The output visual content item recommender 204 receives the visual content items generated by the generative model. It sorts the visual content items using rules or heuristics or criteria to produce an ordered list of visual content items. Examples of criteria include but are not limited to: similarity with visual content items liked by the user previously, diversity with respect to other visual content items to be included in a feed to the user. In an example, it sorts the visual content items according to similarity with other visual content items that the user has selected to indicate the user likes the visual content items. In another example, it sorts the visual content items to promote diversity between visual content items to be displayed to the current user in a feed. The ordered list of visual content items produced by the output visual content item recommender 204 is passed to the user feed recommender 208, along with items from the information seeking engine 206.

The information seeking engine 206 generates items that, if the user interacts with them, would provide useful information to the service. For example, this could be a textual question for the user to answer (e.g. “would you like more people in your image?”), a selection question (e.g. “which of these two images has better lighting?”), or a range of other possible interactions. These items are passed to the user feed recommender 208 along with the ordered list from the output visual content item recommender 204.

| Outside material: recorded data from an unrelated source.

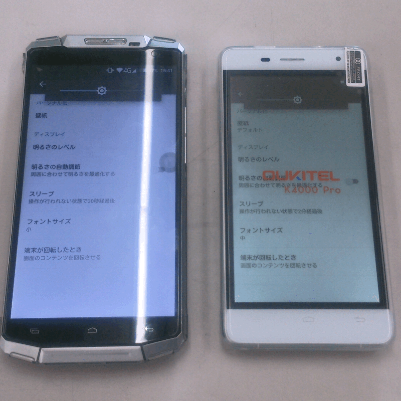 ディスプレイは強化ガラス使用のため、「OUKITEL K10000」と同じ輝度で比べると暗く感じます。
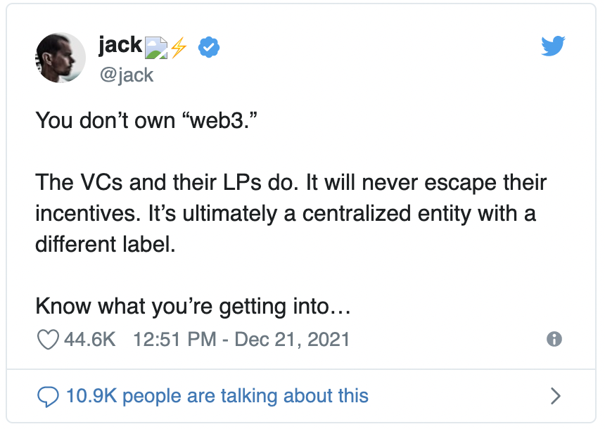 지금까지는 아주 장밋빛으로 가득한 웹3, 대체 그럼 잭 도시와 위에서 이야기한 딕슨이 소속된 앤드리슨 호로위츠는 왜 싸운 걸까요? 먼저, VC 앤드리슨 호로위츠(a16z)는 페이스북부터 에어비앤비, 클럽하우스, 로블록스와 같은 회사들에 성공적으로 투자한 경력이 있습니다. 최근에는 웹3의 시대가 곧 온다는 전망을 하면서 관련한 회사들에 펀드 자금 대부분을 투자하고 있다고 합니다. 특히, 앤드리슨 호로위츠는 웹3가 거대 기업을 견제할 수 있다는 점에서 매우 호의적인 입장이에요. 앤드리슨 호로위츠의 공동 설립자인 마크 앤드리슨이 이전에 설립했던 넷스케이프가 마이크로소프트와의 웹 브라우저 전쟁에서 패배한 전적이 있기 때문이기도 합니다. 마이크로소프트가 인터넷 익스플로러를 윈도우 OS에 포함해 무료로 배포했었거든요. 그렇기 때문에 소수의 세력이 소유할 수 없는 웹3의 시대가 도래해야 한다고 보는 것이죠. 그런데 이런 그의 생각에 반기를 드는 사람들이 나타납니다. 잭 도시가 그중 한 명이에요. 사실 도시는 “내 인생에 이보다 더 중요한 일은 없다”고 했을 정도로 암호화폐와 블록체인의 아주 열렬한 옹호자입니다. 지난 해 트위터 CEO에서 사임한 다음 날, CEO로 있던 핀테크 회사 스퀘어의 사명을 블록체인의 ‘블록’으로 변경하고, 암호화폐 사업에 전념하겠다고 발표하기도 했고요. 그런 그임에도 웹3에 대해서는 “웹3를 통해 이득보는 건 VC와 VC에 투자하는 투자자(LP)들뿐이다”라며, “페이스북 초기 후원자 겸 웹 3.0 지지자인 앤드리슨 호로위츠 등에 의해 웹 3.0이 지배될 것이다”라고 강력하게 비판했어요. 왜 그는 이렇게 회의적일까요? 위에서도 말했지만, 웹3의 개념은 매우 모호하고 아직 갈 길이 멀어요. 그런데도 앤드리슨 호로위츠와 크립토 쪽 사람들은 계속해서 웹3를 언급하면서 이목을 집중시키고 동시에 막대한 규모의 자금을 투자하고 있죠. 벤처투자 통계를 내는 기관 피치북에 따르면 2021년 3분기까지 블록체인 분야에 214억 달러가 투자되었는데 그중 약 40%를 앤드리슨 호로위츠에서 집행했다고 해요. 또 최근 22억 달러 규모의 블록체인 전용 펀드를 조성하기도 했고요. 어쩌면 앤드리슨 호로위츠와 같은 투자자들은 사람들의 이목을 집중시키고 가치를 올리는 것이 실제 웹3가 구현되는 것보다 더 중요할 수도 있다고 볼 수도 있는 것이죠.
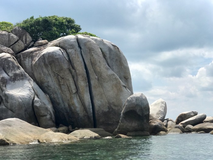 Wir freuten uns auf Belitung. Die Bilder die wir im Vorfeld sahen, sahen vielversprechend aus! Grosse, runde Granitfelsen ragten überall wie Skulpturen aus dem klaren, hellen Wasser. Ein richtiges Fotografen-Paradies! Wir erreichten die Insel am späteren Nachmittag und es zeigte sich, dass wir uns nun in Äquator Nähe befinden – das Wetter ändert sich ständig und tagtäglich gehen starke Regenfälle über der Insel nieder. Die Kinder erwischten noch einen sonnigen Moment, wo sie mit Amanda, einer jungen Frau vom Boot «Angel Wings» auf eine Unterwasser Exkursion gehen konnten. Es schwammen gigantisch grosse Quallen durchs Wasser. Diese weisslichen Quallenmonster hatten einen Durchmesser von einem halben Meter! Es gab in der nahen Umgebung auch ein paar Riffe und Amanda kannte sich super gut aus, mit allem Getier welches unter Wasser zu sehen ist. Und so sahen sie zudem Garnelen, Nudibranches, Lionfish und eine Moräne.

The user feed recommender 208 takes in an ordered list of visual content items from the output recommender 204 and a set of information seeking items from the information seeking engine 206 and interleaves the visual content items and information seeking items to produce an ordered list of visual content items and information seeking items to show in a user feed (i.e. a primary user interface at the client device of the current user). There are a complex set of actions occurring “behind the scenes” to generate visual content items for the current user and to try and determine what the current user is looking for, but the service presents a simple interface (a feed) for the user to interact with. This allows the user to focus on their creative process and not on how to work with a complex system.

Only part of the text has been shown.